After the Cubs greeted the dawn of the offseason by snagging Craig Counsell like a ravenous early bird, they’ve taken more of the procrastinating worm approach to surviving the big-ticket free agent market. Notable Boras clients Cody Bellinger, Matt Chapman, Jordan Montgomery, and reigning NL Cy Young winner Blake Snell are heretofore unemployed. I don’t know that anyone is completely surprised by this; Boras is pretty notorious for holding out as long as necessary for the biggest deal possible.
It’s time to sign Bellinger
But the Cubs are still . . . not good. I know Jed and any MLB front office person loves to find value. Anyone can just pay a ton of money to the obvious free agents, but where’s the fun in that? Well, the fun is in watching good baseball. I would like to watch good players play good baseball. I care more about that than watching GMs make shrewd business decisions to free up cash for super PAC spending sprees. If all the Cubs ever do is get great deals on undervalued players, the endgame becomes paying our favorite players as little as possible.

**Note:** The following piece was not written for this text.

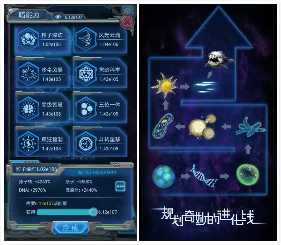 科幻背景下的放置类游戏。作为一名世界的经营者,进化物种,探索星系,发展科学,研发暗能力。物种进化

Is this really what we want? What’s the use in steering clear of an albatross contract like Jason Heyward’s if Jed is going to keep shopping at flea markets and Big Lots anyway? Look, I’m all for finding value. I’m all for keeping an eye to the future. I’m a huge fans of great deals when you can get them. But guess what? There are no more great deals to be had. It’s the last minute. It’s peak season. The police auction is over. Our plane to spring training is about to take off, so it’s time to bite the bullet and pay airport prices for everything we need.
Mr. Right Now
The big coup to get Counsell made it feel like the Cubs were desperate, but as fast as the Cubs had to act to make it happen, that move didn’t really indicate an urgency about 2024. Upgrading at manager is a long-term, improve-the-baseline maneuver. Upgrading the farm system is too. I love what the Cubs have done to put a framework in place that gives them a really high floor moving forward.

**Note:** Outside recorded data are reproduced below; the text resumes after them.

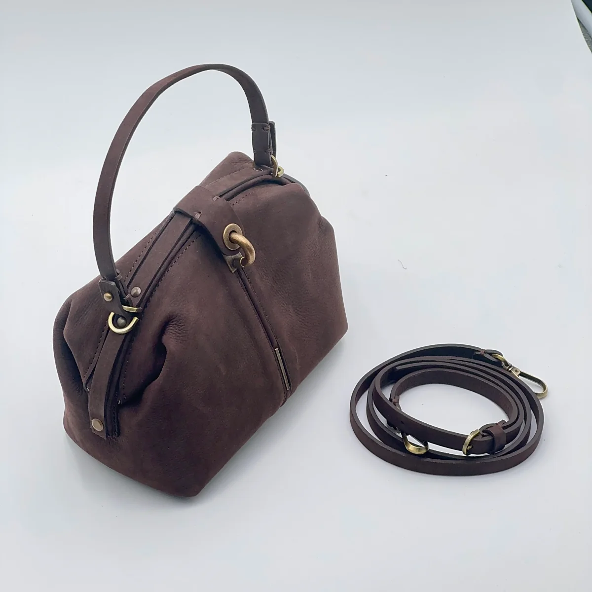 • Tracolla regolabile e rimovibile in cuoio doppiato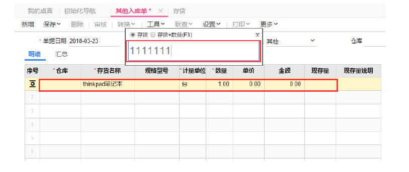 ,录出入库单据时 ,点击 【 更多 】 【 条形码录入 】 ,可以手工录入条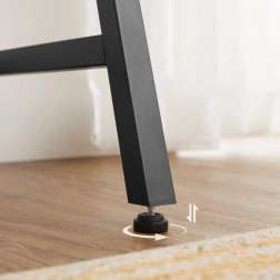 Den store bordplade rummer computer, skærm, højtalere, laptop og printer og har stadig plads til bøger og hæfter. Justerbare fødder udligner ujævnheder i gulvet, så bordet står fast og sikkert.

But right now, the Cubs can’t be picky about their 2024 upgrades. We can have super high hopes for what the Cubs top prospects might accomplish this season, but the floor for this season (let’s call it The Twenty-Twenty-Floor . . . or not, I can’t tell you what to do) is still awfully low. If they make no significant moves, this team could easily wind up in the 90-loss wilderness. That’s absolutely unacceptable. I’ll take a handful of bad contracts before I put up with another bad season. This team is too rich to fail that badly.
Just do it, Jed Hoyer. Get Bellinger. Get Chapman. Make this team the defensive juggernaut you know it can be. Bargain season is over. Boras season has begun. Pitchers and catchers are about to report; now it’s time to let Passan and Rosenthal report as well.